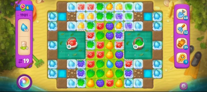 关卡目标 小矮人×8、💧×50关卡步数 19关卡特殊元素 土块、草地、野餐布、冰层关卡难度 超高难度特殊元素消除方法冰层:匹配与冰层里元素相同的元素或者炸弹炸开,冰层的消除次数取决于冰层的厚度。草地:草地需要在草地上进行元素消除,完全消除次数根据草地厚度来定。土块:在土块旁边元素匹配可以消除土块,土块消除次数由石子的多少决定的。野餐布:收集与野餐布篮子上相同种类以及数量的元素,可以
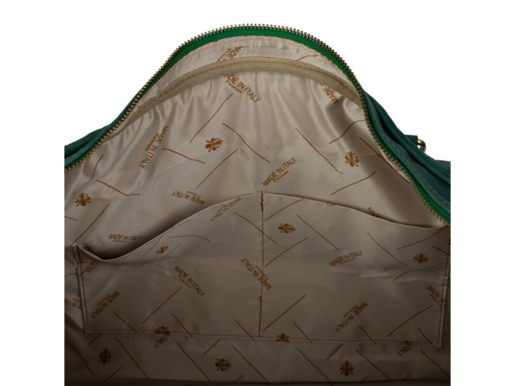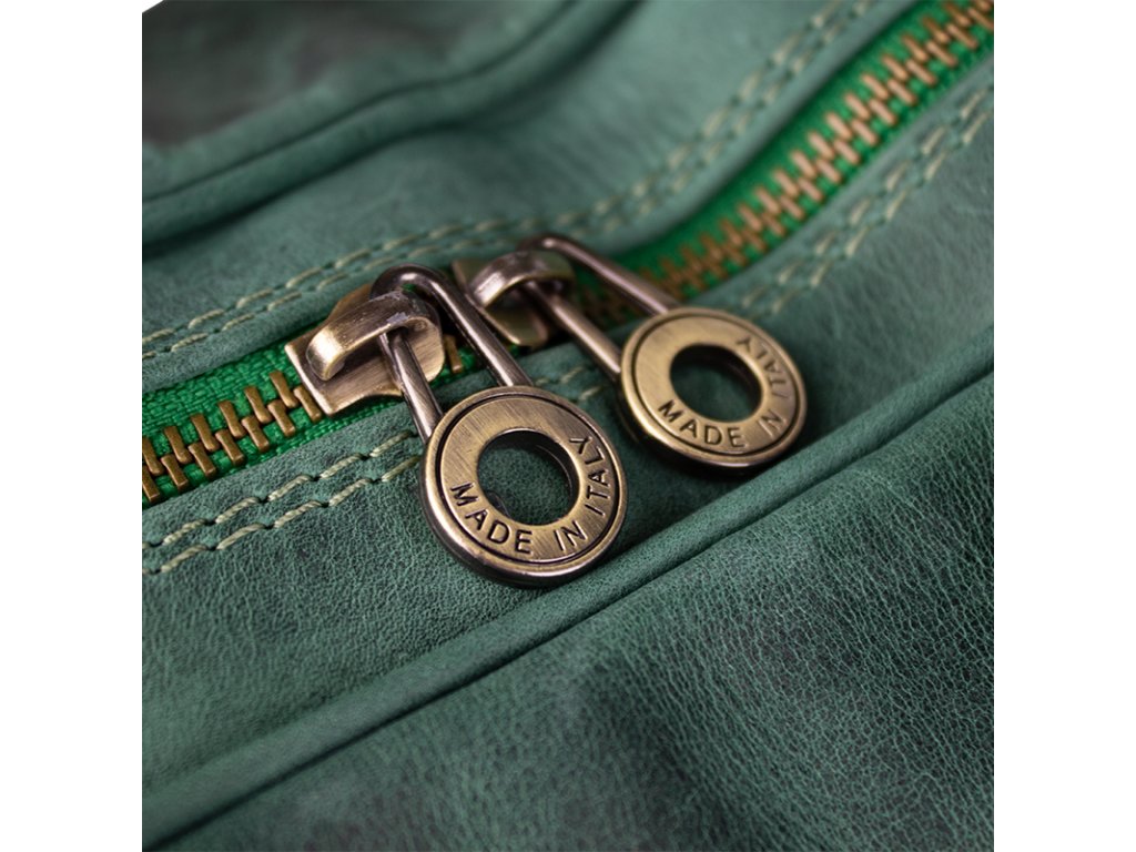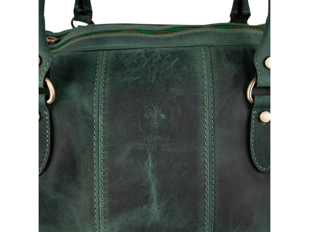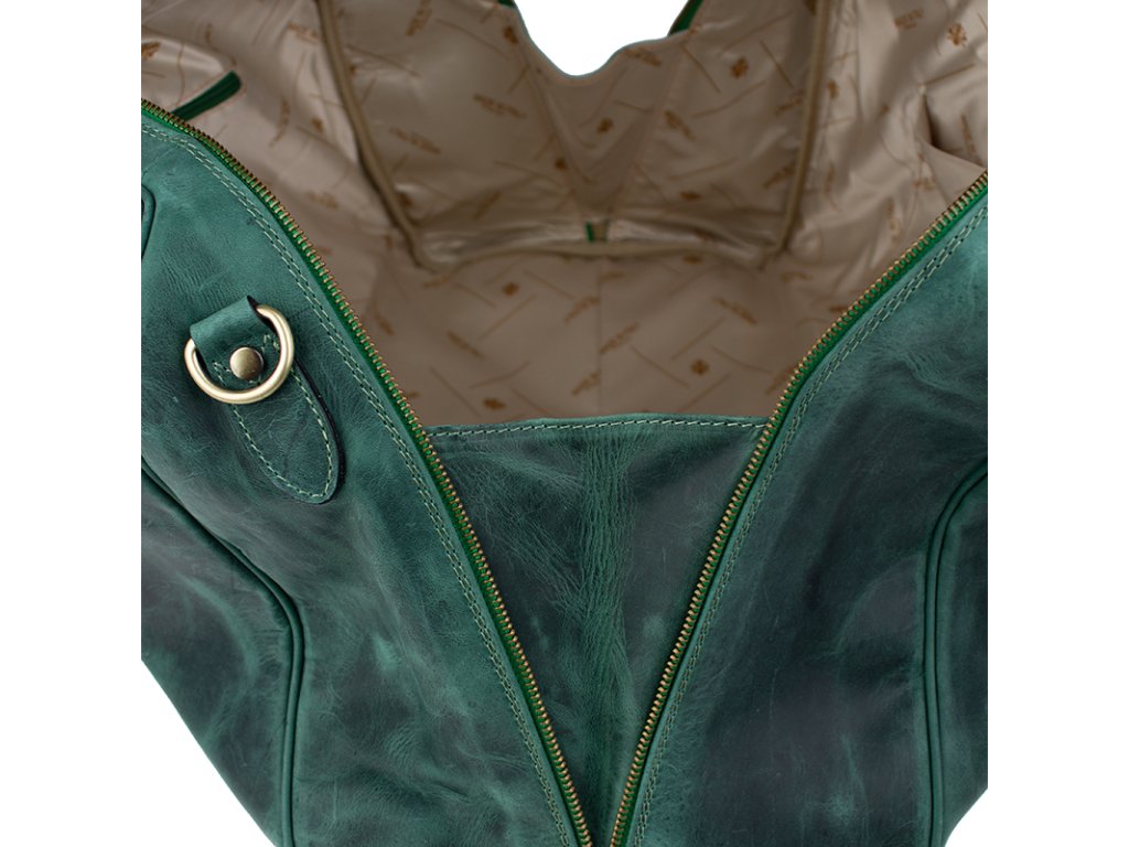Luxusná kožená cestovná taška v zelenej farbe. Taška je vyrobená z hladkej kvalitnej Talianskej kože s voskovanou úpravou, ktorá dodáva taške úžasnú patinu. Súčasťou tašky je prídavný popruh s dĺžkou 107 cm. Taška sa uzatvára kovovým zipsom. Cestujte štýlovo s koženou taškou!
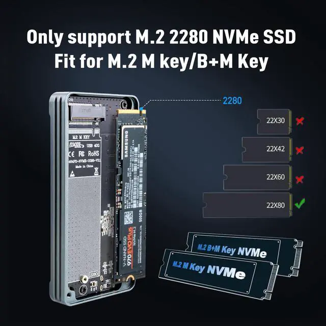 [Superior Speed M.2 Enclosure] This 40Gbps M.2 NVMe SSD Enclosure Using Intel JHL7440 high-end main control chip,adopts dual-chip master control,support USB4 and fully compatible with Thunderbolt 3 USB3.2/3.1/3.0/Type-C (USB2.0 and below not compatible)
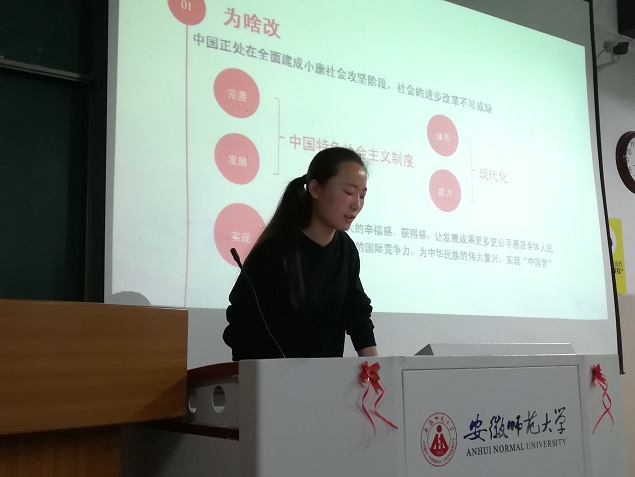 在党章的学习后,第二、第三团小组组长冯坤德、周林娟带领大家学习了十九届二中全会和三中全会的主要精神。部分同学根据学习感悟作了发言。接着,团支书王紫薇以《时代之问》专题片为切入点,就“将改革进行到底,实现中华民族伟大复兴”这一主题与同学们进行了深入探讨,激发了同学们的民族自豪感与自信心。
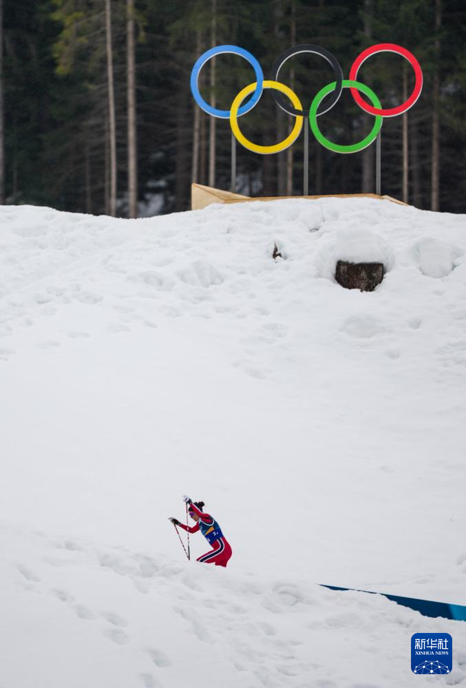 2月14日,挪威队选手克里斯廷·奥斯特古伦·福斯内斯在比赛后等待成绩确认。挪威队获得冠军。

■ Task instructions ■
Output the complete listing exactly as it appears, except for the images.

■ Result ■
 关卡目标 小矮人×8、💧×50关卡步数 19关卡特殊元素 土块、草地、野餐布、冰层关卡难度 超高难度特殊元素消除方法冰层:匹配与冰层里元素相同的元素或者炸弹炸开,冰层的消除次数取决于冰层的厚度。草地:草地需要在草地上进行元素消除,完全消除次数根据草地厚度来定。土块:在土块旁边元素匹配可以消除土块,土块消除次数由石子的多少决定的。野餐布:收集与野餐布篮子上相同种类以及数量的元素,可以
Luxusná kožená cestovná taška v zelenej farbe. Taška je vyrobená z hladkej kvalitnej Talianskej kože s voskovanou úpravou, ktorá dodáva taške úžasnú patinu. Súčasťou tašky je prídavný popruh s dĺžkou 107 cm. Taška sa uzatvára kovovým zipsom. Cestujte štýlovo s koženou taškou!
 [Superior Speed M.2 Enclosure] This 40Gbps M.2 NVMe SSD Enclosure Using Intel JHL7440 high-end main control chip,adopts dual-chip master control,support USB4 and fully compatible with Thunderbolt 3 USB3.2/3.1/3.0/Type-C (USB2.0 and below not compatible)
 在党章的学习后,第二、第三团小组组长冯坤德、周林娟带领大家学习了十九届二中全会和三中全会的主要精神。部分同学根据学习感悟作了发言。接着,团支书王紫薇以《时代之问》专题片为切入点,就“将改革进行到底,实现中华民族伟大复兴”这一主题与同学们进行了深入探讨,激发了同学们的民族自豪感与自信心。
 2月14日,挪威队选手克里斯廷·奥斯特古伦·福斯内斯在比赛后等待成绩确认。挪威队获得冠军。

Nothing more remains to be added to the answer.